The basic principle should generalise to other compute shaders, and
we're still not using anything adapter-specific, so we could e.g. call
this from wined3d_unordered_access_view_gl_clear() as a fallback. (Or
simply the main implementation; glClearTexSubImage() is convenient,
but I'm not sure whether it's any more efficient than using compute
shaders on any GL implementation.)

  - There's a chance that implementing this in a Vulkan-specific way
would be more efficient. E.g. there may be an advantage to using push
constants instead of uniform buffers, and we'd avoid some state
processing. It would be hard to quantify that without doing some
benchmarking first though.
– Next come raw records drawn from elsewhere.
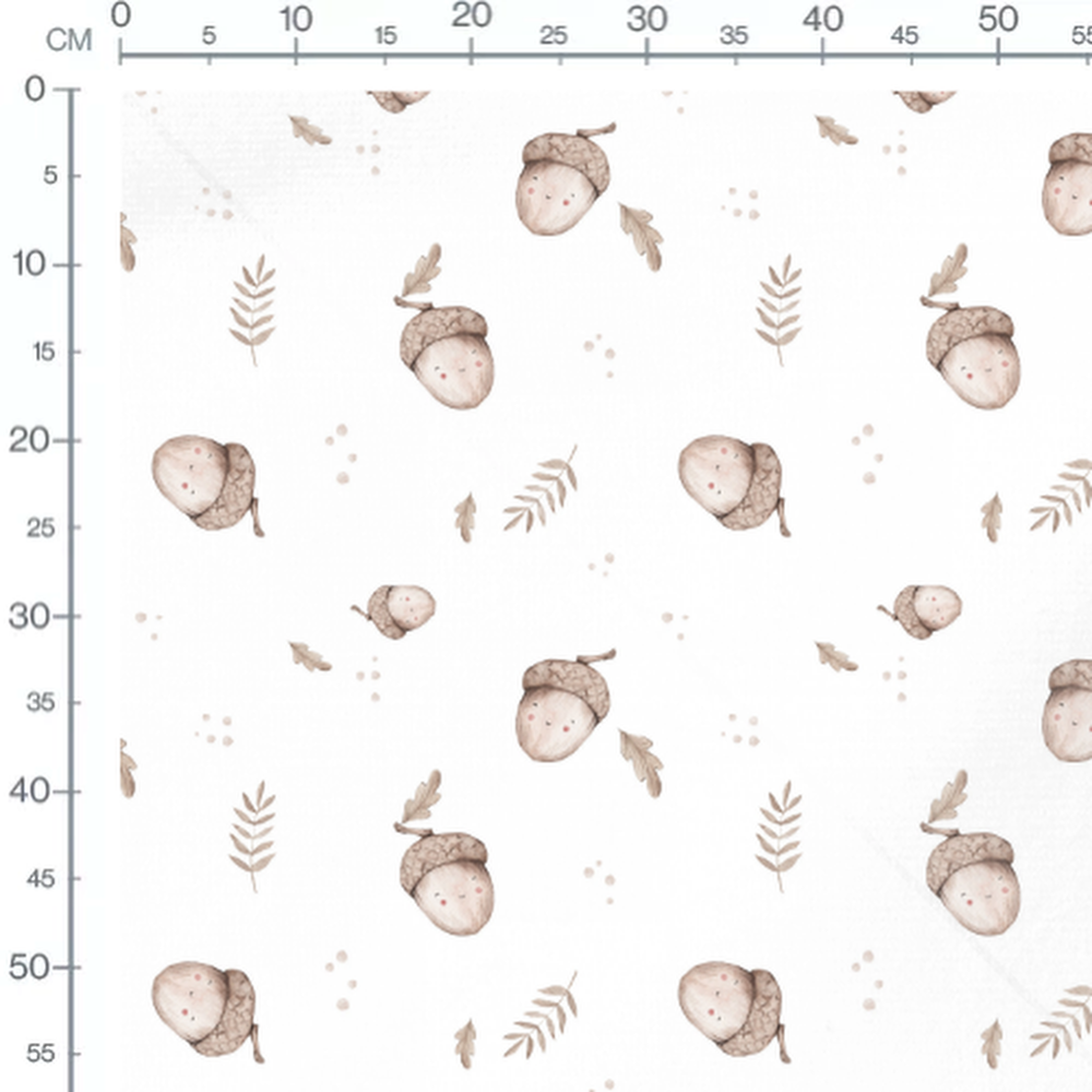 Les glands ont de petits visages souriants. Les feuilles sont stylisées et de couleur beige.Les tissus
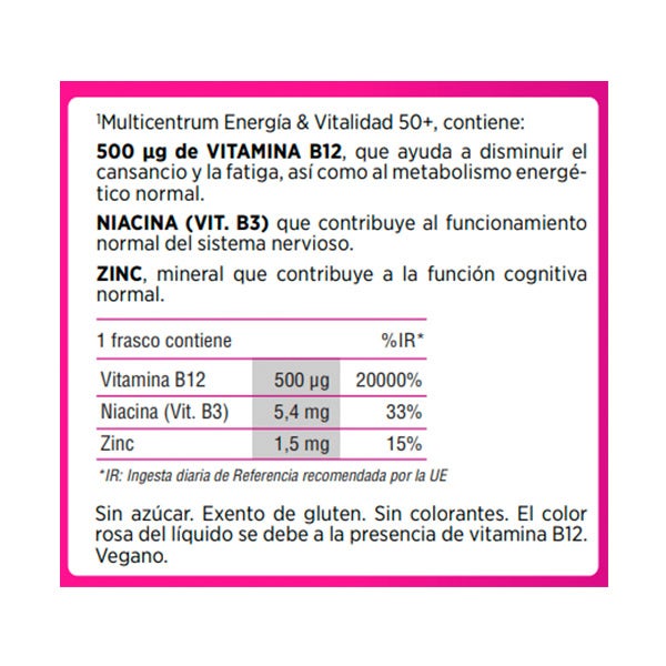 Suplemento alimentar que graças ao seu alto conteúdo em vitamina B12, satisfaz as necessidades das pessoas maiores de 50 anos.
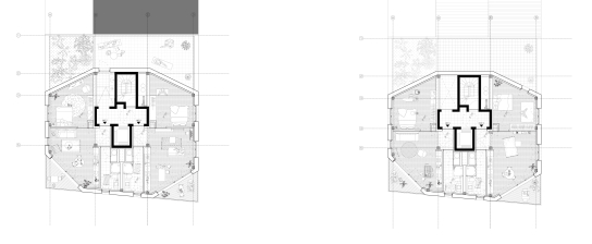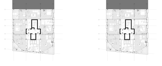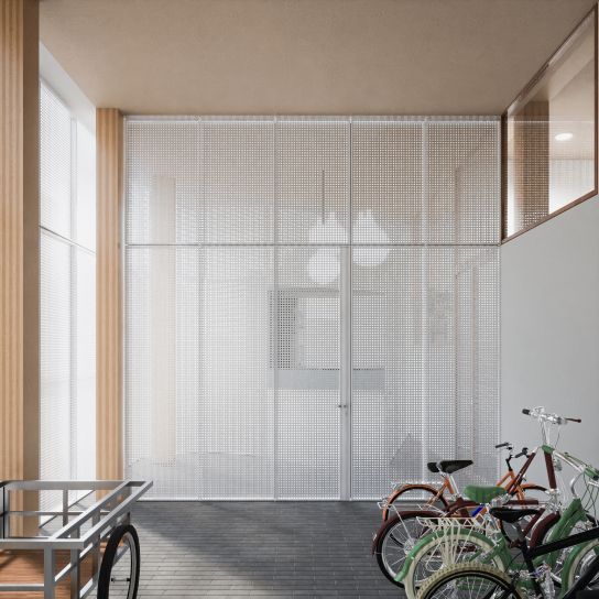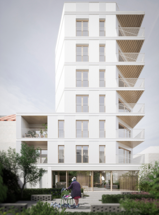 Near the Verboekhoven intersection and the Lambermont boulevard, which are structuring axes in the district, the project plot is located in the northern part of Schaerbeek. The new metro axis will one day allow a greater flow to be drained towards the station and the centre of Brussels and will promote a gentle densification of this residential area. The project in question here makes it possible to anticipate this urban change and anticipate this new polarity. Bourgeois facades with cast iron railings and elaborate ornamentation are replaced by simpler housing, witnesses to the industrial character of 19th century Schaerbeek, our project also assumes to be the witness of its time. In the district, it is not uncommon to see the slanted span, at the corner of a street, topped with dormers, turrets, and bell towers. Thus creating an event in the facade alignments supporting the transition between two universes. The volumetric resolution that we propose is to enhance the angulation by attaching the building's template to the neighboring adjoining wall but by raising it at the corner to address the project to the public space - whether it is the street or the future metro esplanade.
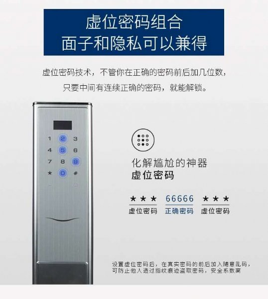 本品有防盗猫眼,一键反锁,报警提示,多种解锁方式,全触摸屏,操作简单,国标级铝合金锁身,超C级锁芯,防技术解锁,德国进口芯片,精工设计,让生活更安心 - 济南陆信智能科技有限公司
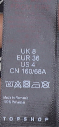 Elevate your wardrobe with this stylish Topshop Women's Black Floral Midi Skirt in size 8. Featuring a chic Straight & Pencil style, this skirt is perfect for any casual occasion. It showcases a beautiful black floral pattern adding a touch of elegance to your outfit. Made from 100% polyester, it's both durable and comfortable for daily wear. The skirt is lined for added comfort and has a convenient zip closure. Suitable for all seasons, it falls gracefully to a midi length, making it a versatile addition to your collection. Don't miss out on this fabulous skirt that pairs well with any top for a complete look.
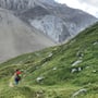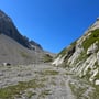In der sommerlichen Hitze, welche selbst hier oben zu spüren war, schritten wir weiter, passierten unauffällig die Wildhornhütte des SAC und stiegen wenig später die Moräne hoch in Richtung Pt. 2543. Dort verliessen wir den Wanderweg und peilten die steinerne Hochebene rund um den Dürrsee an.
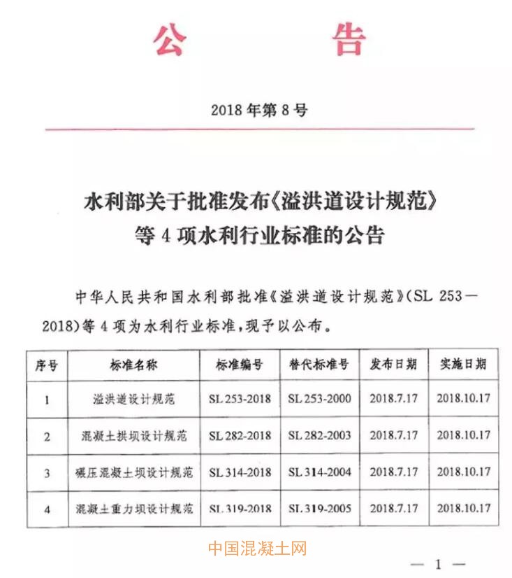 日前,水利部發(fā)布公告(2018年第8號),批準(zhǔn)發(fā)布《混凝土重力壩設(shè)計規(guī)范》(SL319-2018)、《混凝土拱壩設(shè)計規(guī)范》(SL282-2018)、《碾壓混凝土壩設(shè)計規(guī)范》(SL314-2018)和《溢洪道設(shè)計規(guī)范》(SL253-2018)等4項水利行業(yè)標(biāo)準(zhǔn),自2018年10月17日起實施,將分別替代SL319-2005、SL282-2003、 SL314-2004和SL253-2000。
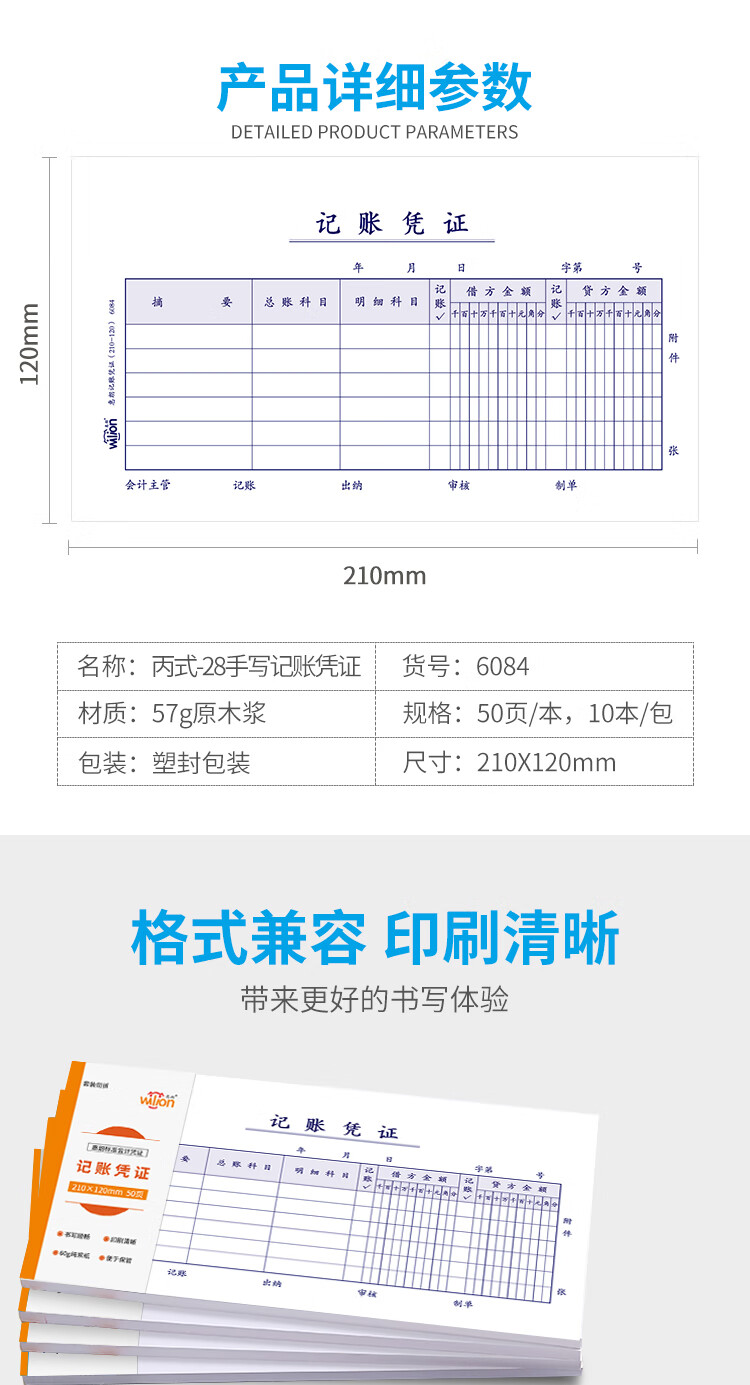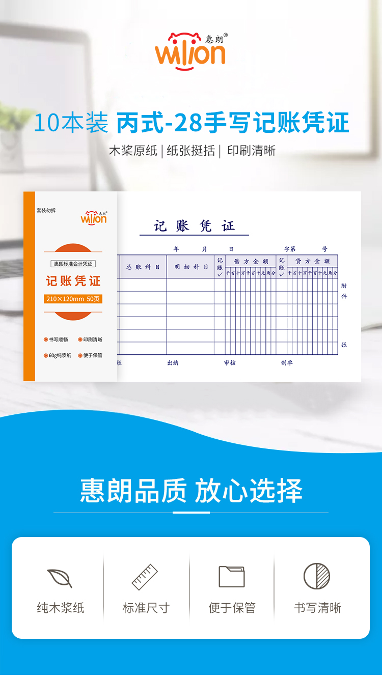 惠朗(huilang)丙式-28手写记账凭证 财务手写单据210*120mm 50页/本 10本装 6084 yykj-240308133532
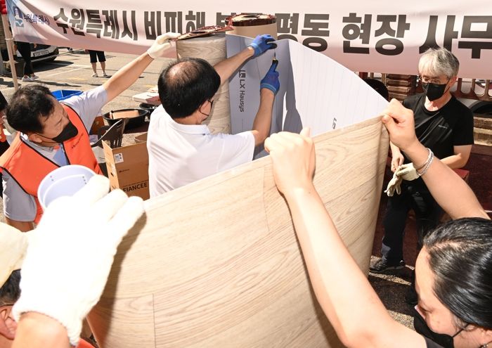19일 기준으로 희망둥지협동조합, (사)함께웃는세상, 수원시도배사협회, 한사랑길봉사단 등 11개 단체가 153가구의 도배·장판 시공을 지원하겠다고 약속했다. 침수피해 주택의 실내가 완전히 건조되는 대로 신속하게 시공할 계획이다.
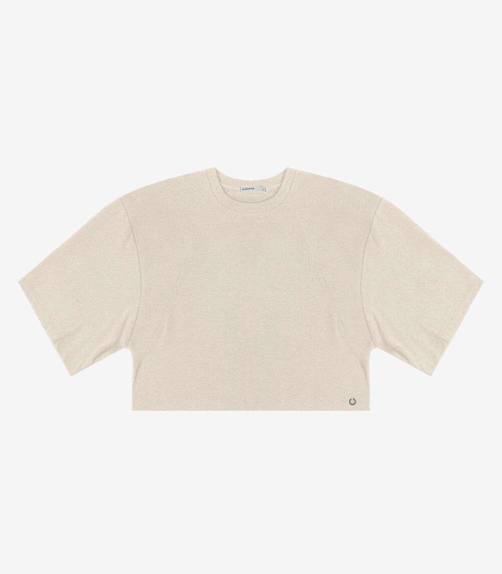 T- Shirt Feminina em Malhão e Ribana Endless Bege
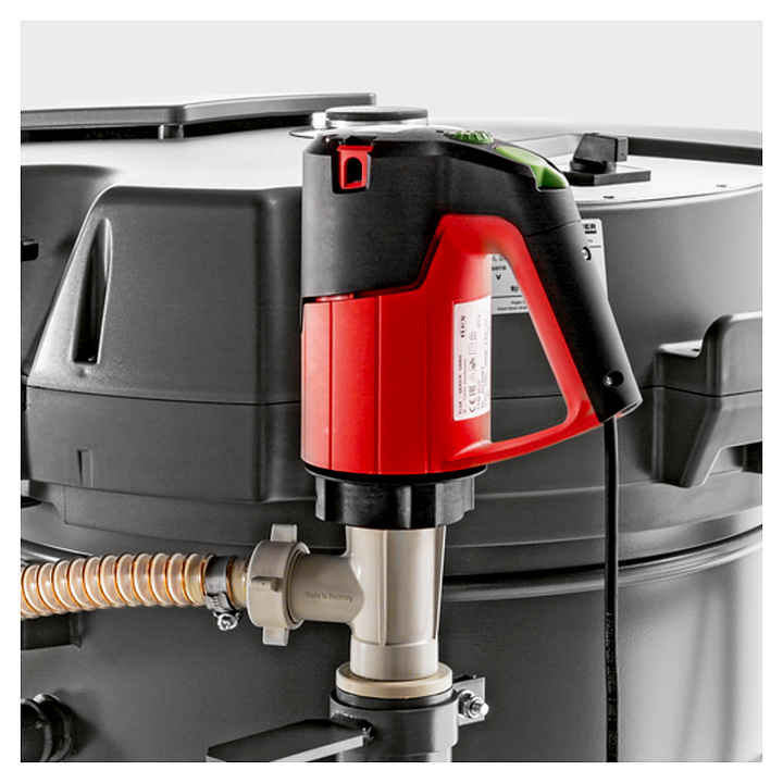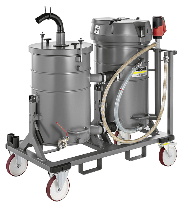 Промышленный пылесос Karcher IVR-L 200/24-2 ТС Dp предназначен для сбора больших объемов жидкостей (масел или охлаждающих эмульсий) и легкой металлической стружки на промышленных предприятиях. Модель оснащена 2 турбинами, которые могут включаться по отдельности, прочным моющимся карманным фильтром со сварными швами для пыли класса L и дополнительной сетчатой корзиной для разделения твердых и жидких всасываемых сред. Особенности:

If we take this approach, we essentially
want a small wrapper around vkd3d_shader_compile() from the shader
backend; we give it a D3D shader, some interface/binding information,
and get back a SPIR-V shader. Decoupling shader_select_compute() from
the state largely gets us there, although it introduces some asymmetry
between shader_select() and shader_select_compute() (and decoupling
shader_select() from the state won't be quite as easy). Arguably
there's not much of a point in passing the shader backend a
wined3d_shader in this case either; we may as well just pass it the
byte code. This approach is likely the most flexible and the most
efficient, but also likely the most complicated. By its nature, we
can't use the same implementation for different adapter types.